The final portion of this journey was exhilarating for me. I had to find this revelation. This is not a process that tells you the ending. As a researcher, you must pave the way. Undergraduate work relies on you to synthesize research to make a recommendation. Step away from this concept and understand that you are creating a future study that others will use. You have yet to do what your analysis will show. This mindset prevents you from thinking, "I am not doing this right" or "is this how this should look" attitudes. You are the creator. Follow the guidelines and let the study take you on the journey. You will be as shocked as I am when you come out in the end! Enjoy the ride, and keep moving forward. 

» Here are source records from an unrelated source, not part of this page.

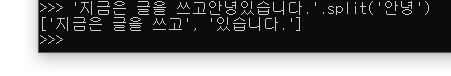 '지금은 글을 쓰고안녕있습니다.'.split('안녕')
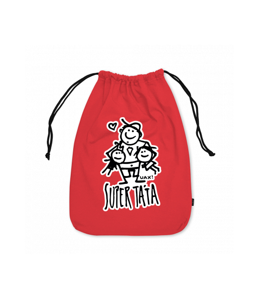 Medium cotton pouch for kid with design 1390 SUPER TÁTA in color RED
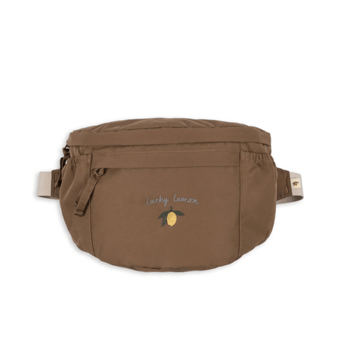 Water-resistant and functional bumbag with adjustable shoulder strap. Designed with an elastic inner pocket that makes it easy to store and organize your essentials. The Konges Sløjd bumbag has practical pockets and D-rings on each side that attach to the stroller handles or frame with pram hooks. All pockets close with zippers, except for ones on the side. It can be worn over the shoulder or on the waist. The quality is both soft and dirt-repellent.
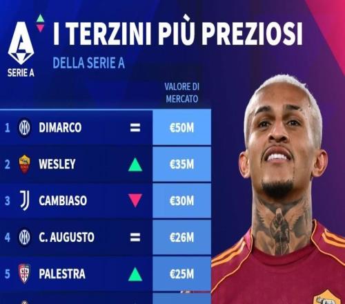 德转列意甲边后卫身价前10:国米4人上榜,迪马尔科5000万第1 -

I finished and obtained approval from my mentor, the committee, and the dean of students on February 1, 2023. I was shocked at how fast this last phase took. It reminded me that the initial work of getting it right, following directions, reading the guidelines, and collaborating with others had on the final process. By the time I made it to a completed research dissertation, I had made many edits based on comments and feedback. I did not rush the process, but I did keep the process at the front of my daily life. My advice to you is to keep it alive and fresh every day. Talk to others about your project if you don't write for a few days. Keep the motivation high, the conversation alive, and the ideas flowing. IT IS WORTH IT IN THE END! 

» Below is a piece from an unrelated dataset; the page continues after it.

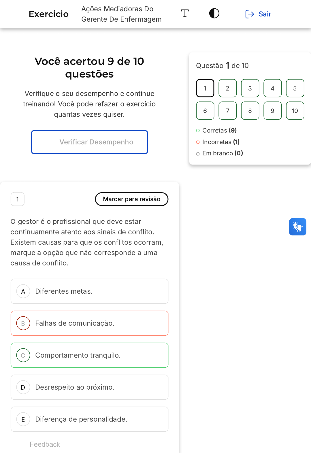 Você acertou 9 de 10 questões Verifique o seu desempenho e continue treinando! Você pode refazer o exercício quantas vezes quiser. Verificar Desempenho A B C D E 1 Marcar para revisão O gestor é o profissional que deve estar continuamente atento aos sinais de conflito. Existem causas para que os conflitos ocorram, marque a opção que não corresponde a uma causa de conflito. Diferentes metas. Falhas de comunicação. Comportamento tranquilo. Desrespeito ao próximo. Diferença de personalidade. Questão 1 de 10 Corretas �9� Incorretas �1� Em branco �0� 1 2 3 4 5 6 7 8 9 10 Exercicio Ações Mediadoras Do Gerente De Enfermagem Sair Feedback Resposta incorreta Opa! A alternativa correta é a letra C. Confira o gabarito comentado! Gabarito Comentado Os conflitos ocorrem devido às expectativas profissionais mal definidas no ambiente de trabalho, o gestor deve conhecer sua equipe e proporcionar um ambiente de trabalho agradável, além de uma rotina bem definida. 2 Marcar para revisão �FEPESE � 2023� São atribuições e condutas adequadas do enfermeiro auditor: 1. Identificar as falhas e punir os responsáveis. 2. Avaliar os serviços de assistência à saúde em qualquer nível onde exista a presença de profissionais de enfermagem. 3. Organizar, dirigir, planejar, coordenar e avaliar, prestar consultoria e emissão de parecer sobre os serviços de Auditoria de Enfermagem. 4. Atuar na elaboração, execução e avaliação dos planos assistenciais de saúde. 5. Atuar na elaboração de medidas de prevenção e controle sistemático de danos que possam ser causados aos pacientes durante a assistência de enfermagem. Assinale a alternativa que indica todas as afirmativas corretas. A B C D E São corretas apenas as afirmativas 2 e 4. São corretas apenas as afirmativas 1, 3 e 5. São corretas apenas as afirmativas 1, 2, 3 e 4. São corretas apenas as afirmativas 2, 3, 4 e 5. São corretas as afirmativas 1, 2, 3, 4 e 5. Resposta correta Parabéns, você selecionou a alternativa correta. Confira o gabarito comentado! Gabarito Comentado O auditor tem como objetivo principal avaliar a qualidade da assistência prestada e minimizar os riscos, além disso avalia os processos de trabalho propondo readequações ou elaboração de protocolos sempre que necessário. 3 Marcar para revisão �FCC � 2014� As auditorias são os instrumentos de medida da qualidade do cuidado de enfermagem. As mais utilizadas em controle de qualidade originam-se no modelo de A B C D E Donabedian e incluem auditorias de Resultados, de Processos e de Estrutura. As colunas abaixo estão descritas de acordo com o indicador avaliado e o tipo de auditoria correspondente. Coluna 1: indicador avaliado I. Taxa de queda de paciente. II. Tempo de espera no pronto-atendimento. III. Técnica de passagem de sonda vesical, conforme protocolo de enfermagem instituído. Coluna 2: tipo de auditoria ( ) Auditoria de Processo ( ) Auditoria de Resultado ( ) Auditoria de Estrutura A sequência numérica correta da Coluna 2: tipo de auditoria, correspondente a Coluna 1: indicador avaliado, é: III, II e I, apenas. I, II e III, apenas. II, III e I, apenas. III, I e II, apenas. I, III e II, apenas. Resposta correta Parabéns, você selecionou a alternativa correta. Confira o gabarito comentado! Gabarito Comentado A B C D E Na autoria a estrutura diz respeito à avaliação da infraestrutura, tendo como indicadores por exemplo a sinalização, espaço para sala de espera, acessibilidade, entre outros. Os processos têm relação com a dinâmica do cuidado, como a realização de procedimentos conforme protocolos e rotinas da instituição. Os resultados indicam o resultado da assistência prestada. 4 Marcar para revisão O serviço de enfermagem segue as diretrizes provenientes da teoria geral da administração. Qual a teoria que também pode ser conhecida como organização racional do trabalho? Teoria clássica. Teoria burocrática. Administração científica. Teoria das relações humanas. Teoria Contingencial. Resposta correta Parabéns, você selecionou a alternativa correta. Confira o gabarito comentado! A B C D E Gabarito Comentado A teoria da administração científica também é conhecida como organização racional do trabalho, pois busca organizar o trabalho de forma racional, exigindo processo sistematizado e padronizado. 5 Marcar para revisão Sabe-se que o conflito quando não for bem gerenciado poderá gerar maiores danos para a instituição. O conflito intrapessoal é o ocorrido como? Divergência entre duas pessoas. Divergência entre duas ou mais pessoas. Divergência entre grupos. Ocorrido com o próprio indivíduo. Ocorrido com o indivíduo e o gestor. Resposta correta Parabéns, você selecionou a alternativa correta. Confira o gabarito comentado! Gabarito Comentado A B C Existem três tipos de conflitos e o conflito intrapessoal é aquele que ocorre com o próprio indivíduo, geralmente decorrente de estresse, tensão, frustrações entre outros sentimentos que podem ser gerados decorrente do processo de trabalho. 6 Marcar para revisão �INSTITUTO AOCP � 2015� Uma das tarefas do profissional de enfermagem é o registro, no prontuário do paciente, de todas as observações e assistência prestada ao paciente – ato conhecido como anotação de enfermagem. Sobre a anotação de enfermagem, é correto afirmar que: Recomenda-se que o registro das informações seja organizado de modo a reproduzir a ordem cronológica dos fatos. Os dados devem ser sempre registrados a lápis para que haja possibilidade de alterá-los no decorrer do plantão. Por ser um importante instrumento de comunicação para a equipe, as informações devem ser rebuscadas e detalhadas ao extremo, ainda que dêem margem a interpretações dúbias. D E É dispensada a aposição do número de inscrição do Conselho Regional de Enfermagem do técnico que realiza a anotação, sendo este dado obrigatório apenas ao enferm

It is hard to tell you exactly how you will complete your dissertation. We all have unique circumstances, but I will tell you that you are not alone if how you feel right now. Be grateful for the things you have in your life right now. Create a temporary routine that allows ample time to work on your dissertation 4-6 days a week. Pace yourself and time breaks. Go outdoors and take walks with a particular person or your dog. Make small goals and celebrate them when you achieve them. In terms of writing and technical aspects of the dissertation, know your resources and keep them handy. As I write this post, my copy of "The Publication Manual of the American Psychological Association, &th Edition" is on my desk next to me. It is open, and on the pages, I need the most. Frankly, APA is not my strength! I purchased software called RECITE WORKS. After completing a section, I load my paper and look for APA in cite and reference errors. I did not wait until the last minute. My work has over 150 references. I checked my connections constantly using the software. Grammarly (the application) is open and ready to check my spelling, punctuation, verb tense, etc. Feel free to use tools that help. My advice is to write a paragraph and then check it. Rewrite it without looking at a reference and continue to cite it. You are using the idea but in your own words. You want to refrain from rewriting it after you turn it in for plagiarism. Read your entire dissertation frequently. It turns into a series. If too much time goes by, you need to remember what happened in episode 4, or else episode 5 makes no sense. Read your work and edit your work as you go. When writing conclusion statements, look back at what you promised the reader you would tell them. Know the deliverables and then deliver them to your reader. 

The key is to take small steps forward until you walk the miles necessary to complete your dissertation. Pace yourself. This is not a sprint; it is a marathon. You must breathe, drink water, accept cheers from the crowd, and train for a marathon. This is true for your dissertation. Prepare for months of hard work, and you will cross the finish line. I assure you that when you cross the finish line, you will feel more accomplished than you ever imagined. Once you cross the finish line, let your mind, body, and soul accept the accomplishment as it embraces you. You deserve to be proud of your new accomplishment, title, credentials, and level of expertise. This driver will keep your tank full as you make this long trip. Pull over now and then and experience the beauty of the journey, so the destination is appealing. I believe in you; if I can do it, you can do it!Best Wishes!